Morlock was astonished, and more than a little offended. Didn't they know how dangerous he was? Didn't they have any sense of responsibility? He looked at Khretnurrliu, who was wearing the rotting body of a decapitated wolf today, and somehow he knew his enemy was as offended as he. Morlock was minded to complain about it, although he didn't know who would listen.

Then his attention was speared by something else. The grayish iron of the bar securing the cell gate was almost exactly the same color as the silvery twine he had labored so long to make. He wondered if the twine was strong enough to sustain the weight of the metal bar. He thought it was. If he could manage to loop the twine around the bar unobserved, there was a good chance he could ease it out of its slot and throw the cell door open.

He wished there were some way he could warn Rokhlenu of his plan, but there wasn't. Rokhlenu was very difficult to talk to lately; Morlock wondered if his cellmate might be going mad. The thought of insanity bothered Morlock very much; he hated the thought of losing his selfhood that way. He was glad he wasn't going insane. But if Rokhlenu was, there was little he could do but kill him before Morlock caught his illness: it was the reasonable thing to do.

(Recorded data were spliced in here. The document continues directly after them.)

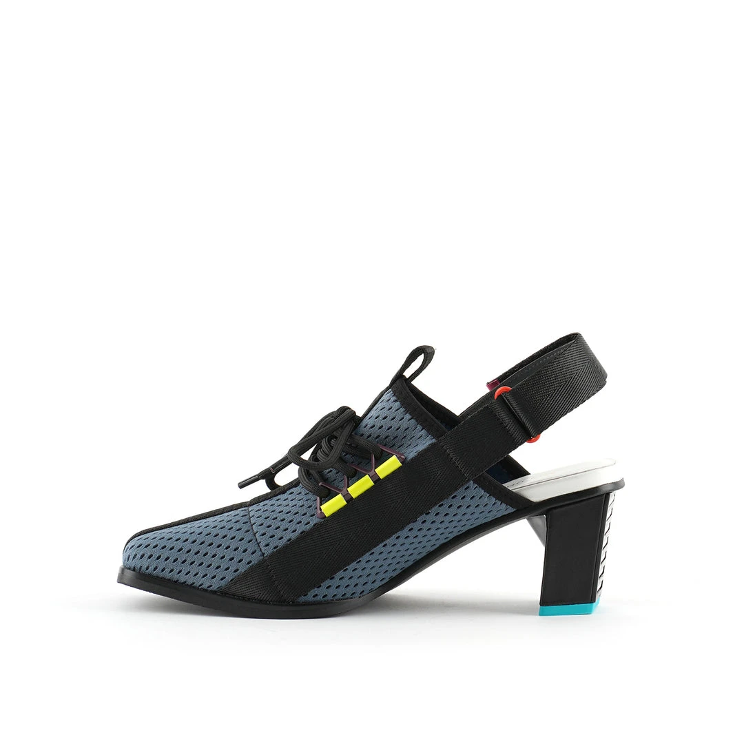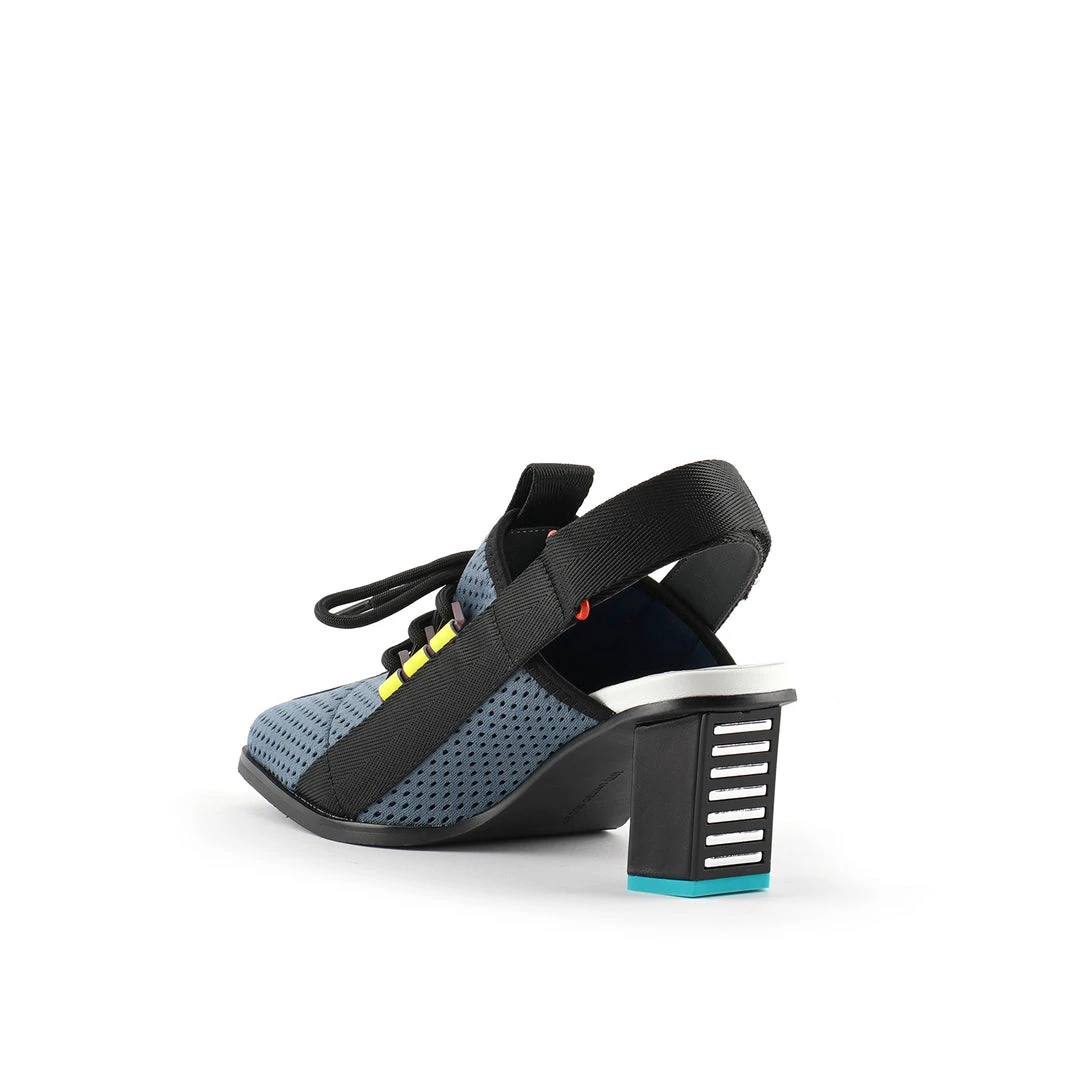 The Lora Mid is a hybrid sneaker-heel featuring a pointy toe, mesh upper and stretch closure at the heel. This mule combines a trendy style with sporty elements.
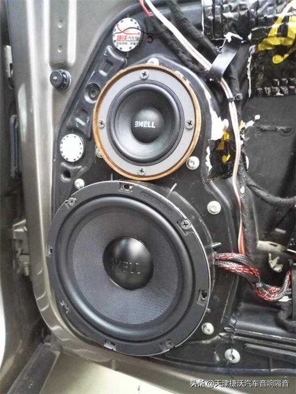 大众CC三分频原装位无损安装,霸克PX650中低音喇叭+RK3中音喇叭。
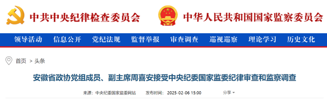 中央纪委国家监委网站2月6日消息,安徽省政协党组成员、副主席周喜安涉嫌严重违纪违法,目前正接受中央纪委国家监委纪律审查和监察调查。
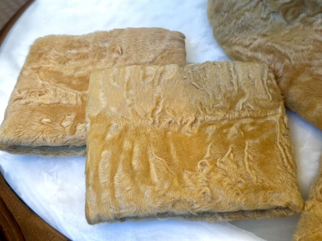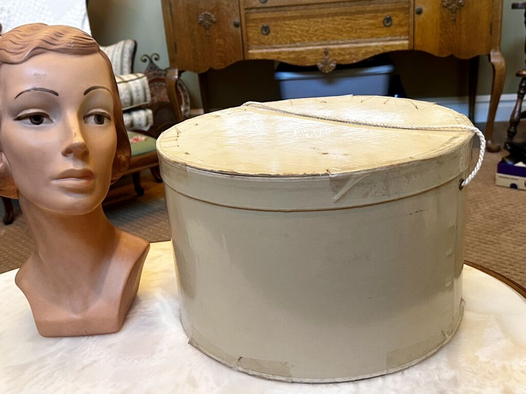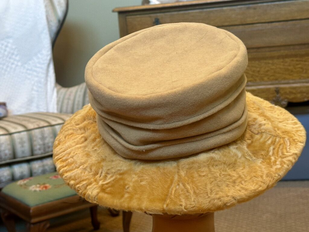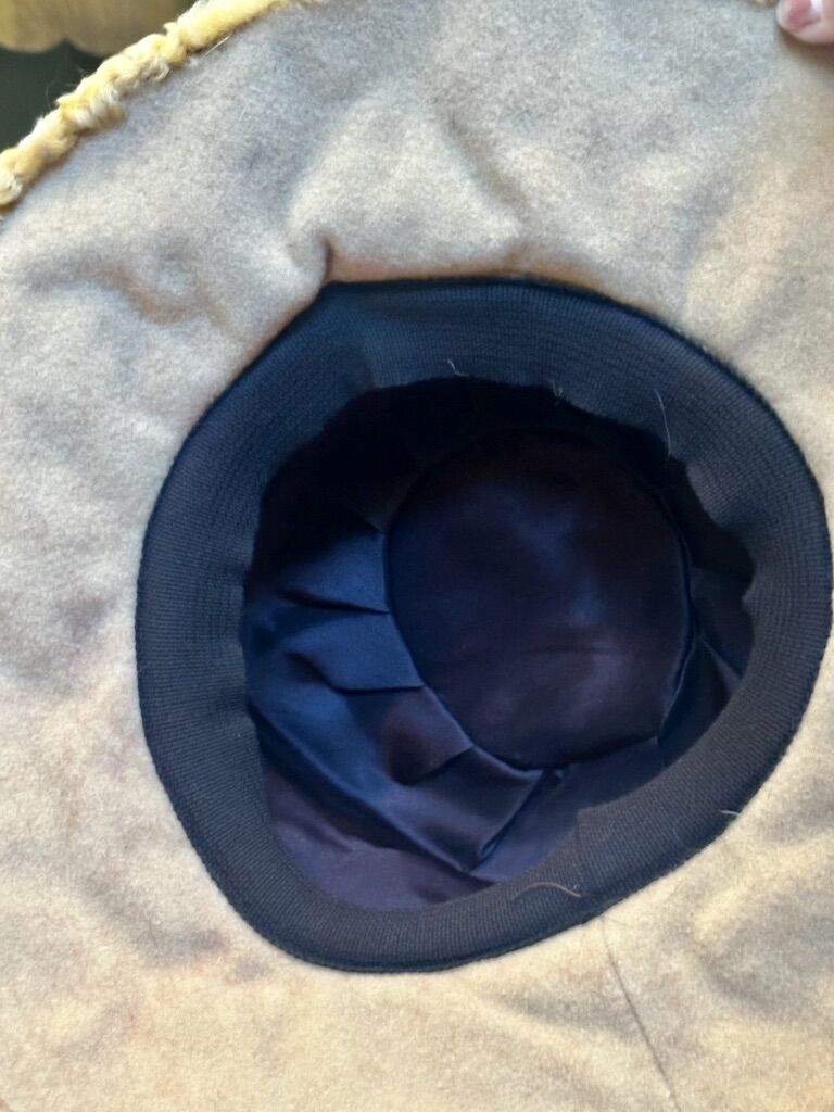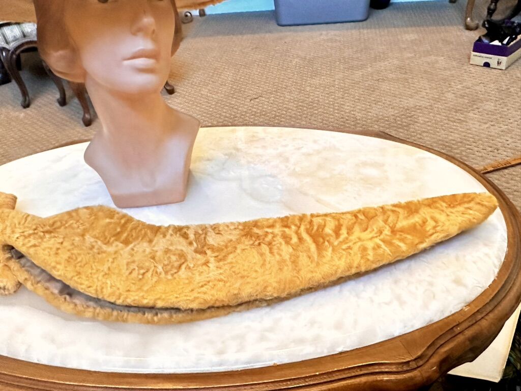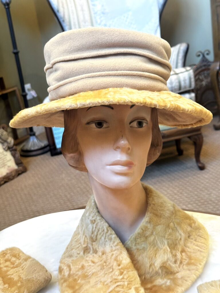 Not sure what the fur is but very soft with silk lining. Make a fashion statement with these gorgeous Antique accessories. Comes in a Sam’s Fifth Avenue Hat Box. Mannequin head not included
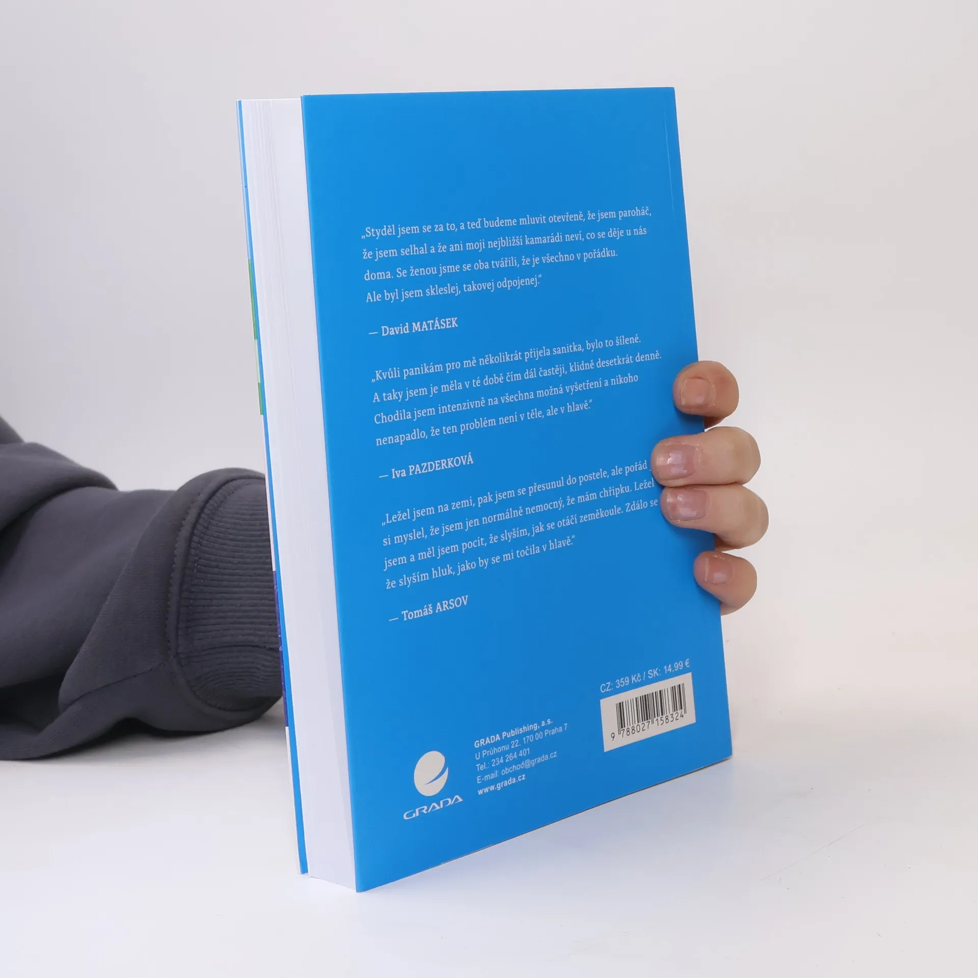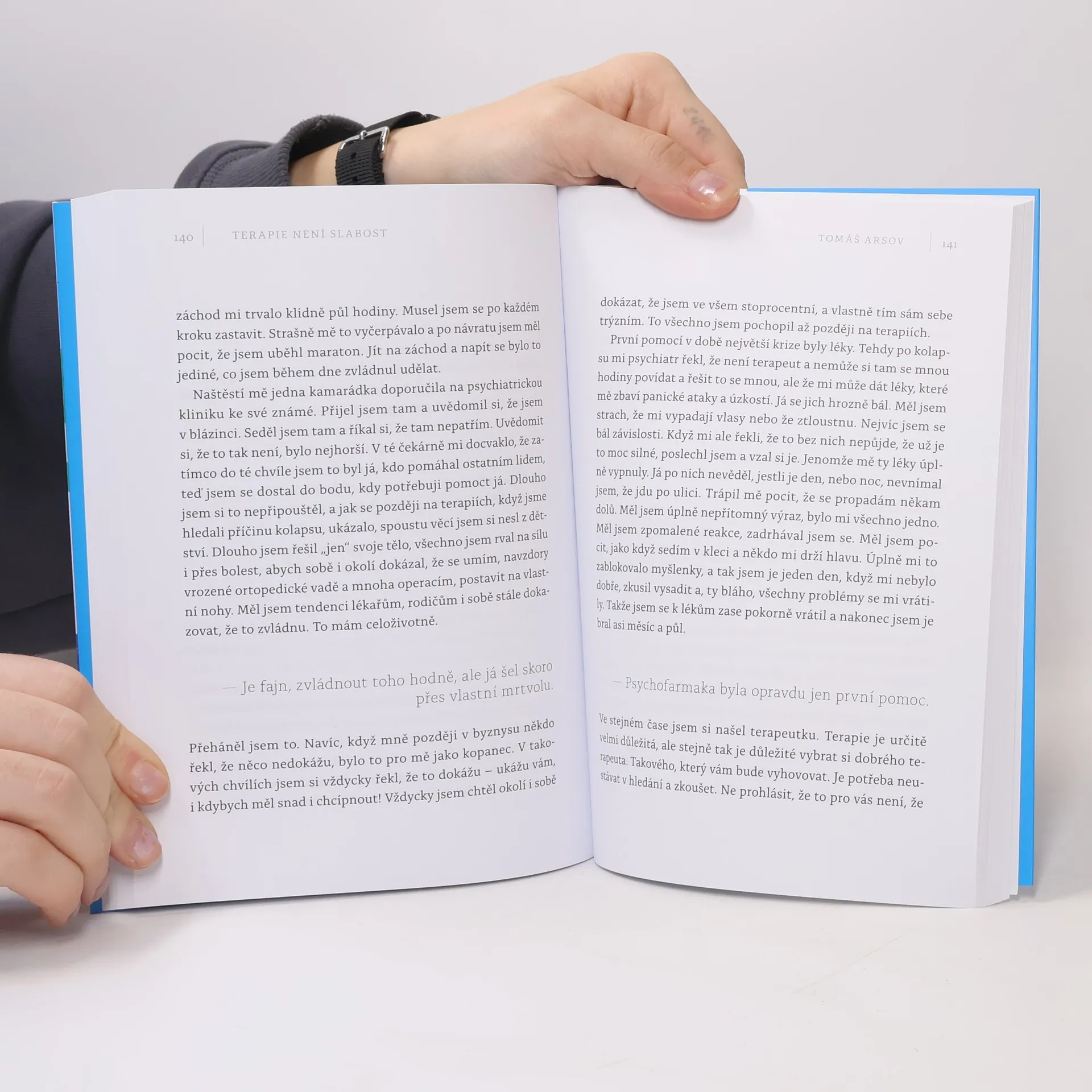 Jaké to je, když hlava zatáhne za záchrannou brzdu a znemožní tělu fungovat, moc dobře ví David Matásek, který začal chodit na terapie kvůli potížím ve vztahu, tanečnice Lenka Nora Návorková potřebovala vyřešit trápení z dětství nebo chirurg Tomáš Šebek, který chtěl vylepšit sám sebe. Paralympionik Jaroslav Petrouš by tu bez povídání s psychiatrem možná už nebyl a špičkového kadeřníka Tomáše Arsova vyřadily psychické problémy z provozu na dlouhé týdny. Spisovatelce Markétě Lukáškové zase život dlouhé roky komplikovalo nediagnostikované ADHD a Iva Pazderková se potýkala s panickou atakou, která jí i několikrát denně navozovala pocit, že umírá.... V knize terapie není slabost najdete celkem 15 otevřených zpovědí o cestě za duševním zdravím.
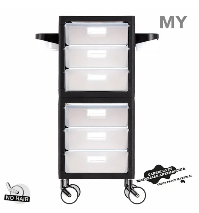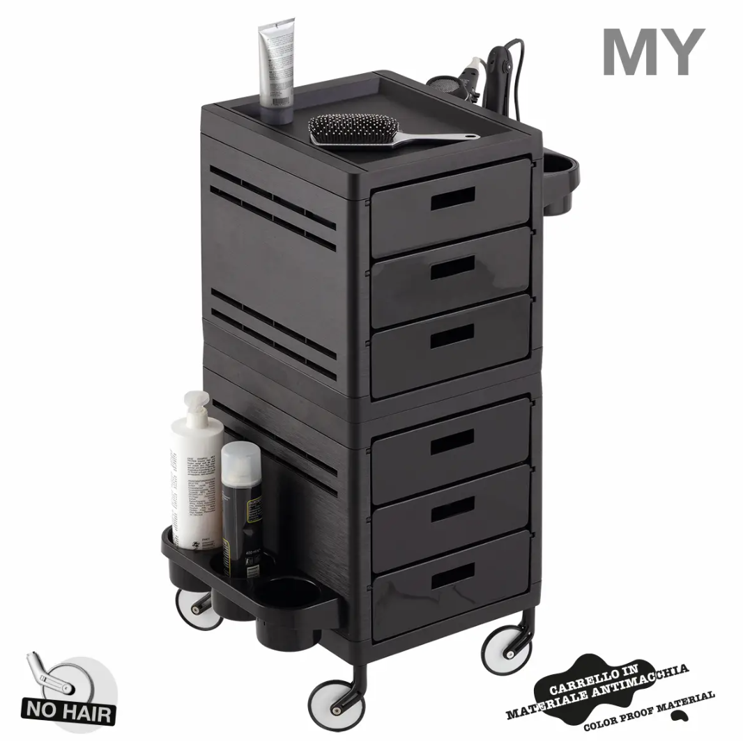 Laadukas My 6 työtarvikevaunu on tyylikästä italialaista designia. Upeat värit ja klassinen muotoilu tekevät My 6-sta näyttävän tarvikevaunun liikkeeseesi. Kestävää ja likaa hylkivää materiaalia. Tilavissa laatikoissa säilytät tarvikkeet hyvässä järjestyksessä. Umpinainen runko suojaa tarvikkeita pölyyntymiseltä. Tarviketelineet voit asentaa kummankin puolen haluamallesi kohdalle. Helppo liikutella suurten pyörien ansiosta.
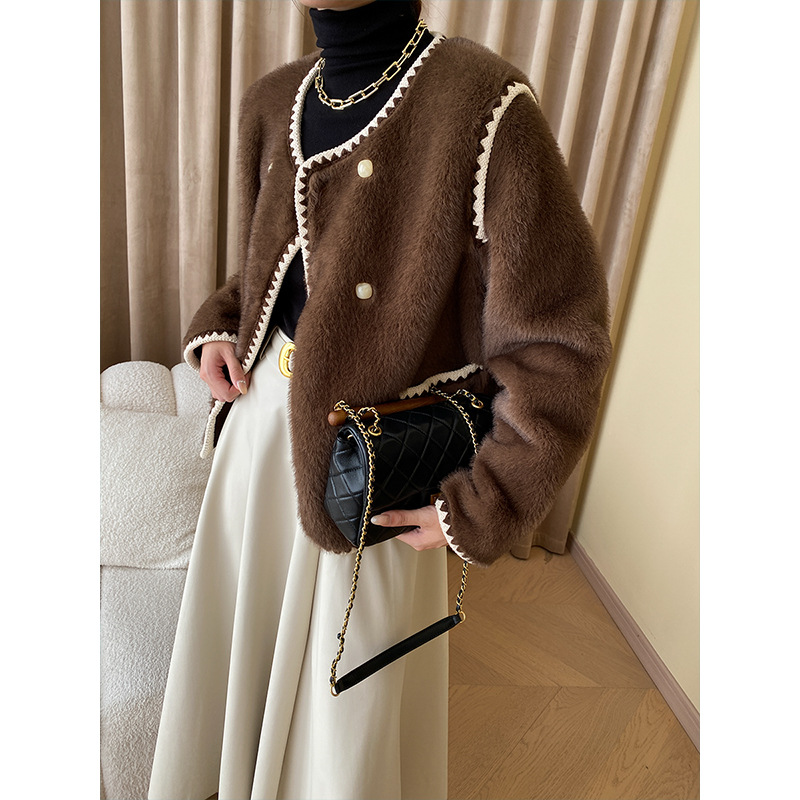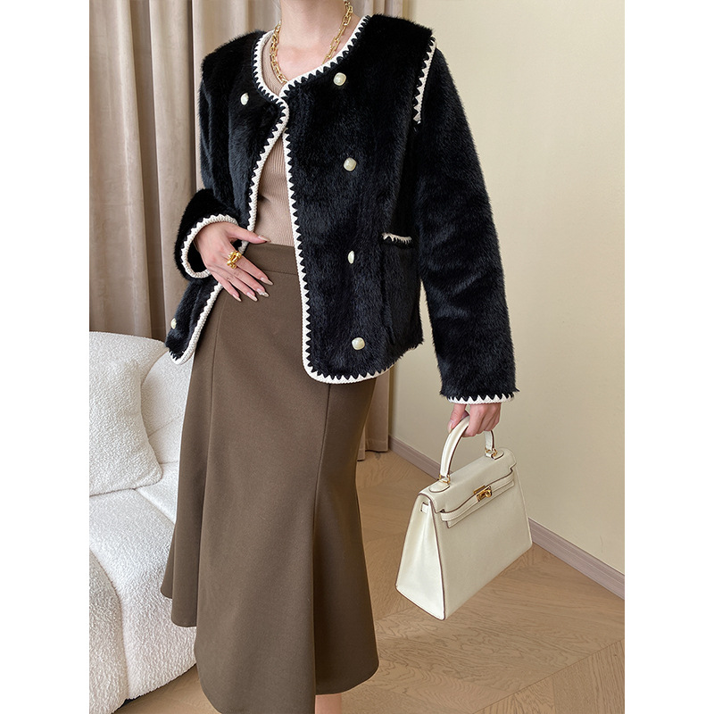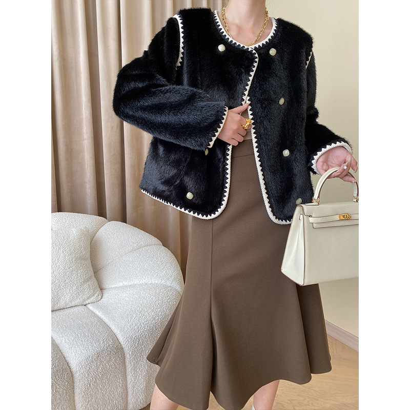 Sinan French Gentle Series Advanced Contrast Color Small Fragrance Style Design Fur Eco-friendly Fur Coat SN4769
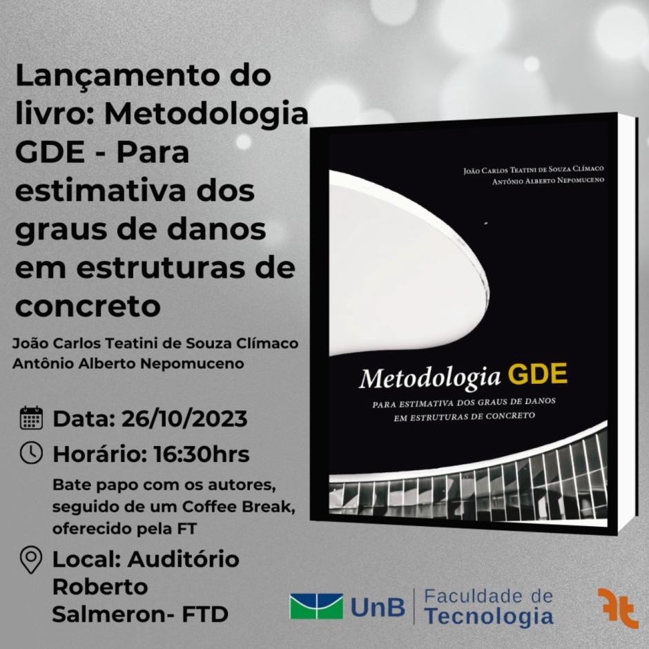 Na próxima quinta-feira (26/10), às 16h30, a Faculdade de Tecnologia da Universidade de Brasília (UnB) promoverá o lançamento do livro “Metodologia GDE - Para estimativa dos graus de danos em estruturas de concreto”, escrito por João Carlos Teatini de Souza Clímaco e Antonio Alberto Nepomuceno, no auditório Roberto Salmeron-FDT.
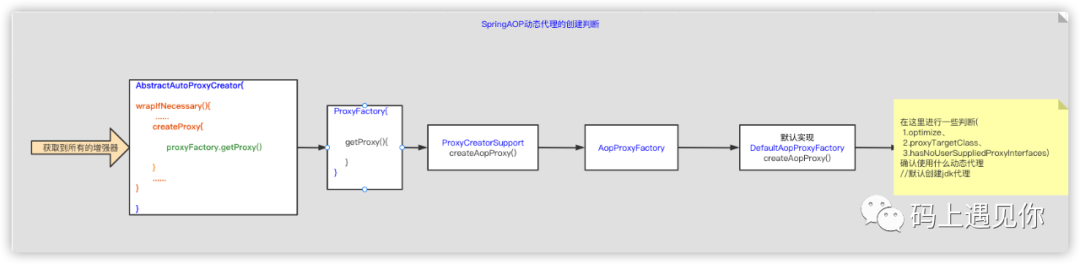 在步入正题之前先给大家看一下 Spring 创建代理的大致流程图

Or was it? There was some reason why Morlock should not kill Rokhlenu; he was sure of it. Only he couldn't remember what it was. It would certainly be good to have someone fighting alongside him in the corridor.

Neither of the guards was looking. The one was still asleep. Morlock unobtrusively tossed a loop of twine for the end of the lock-bar …and missed.

Morlock was shocked. He could not remember the last time he had thrown anything at anything and missed. On the other hand, he couldn't remember much at all. His time in prison might have lasted only a few days or weeks, but everything before it seemed faint and unreal. Perhaps he really wasn't much good at throwing things.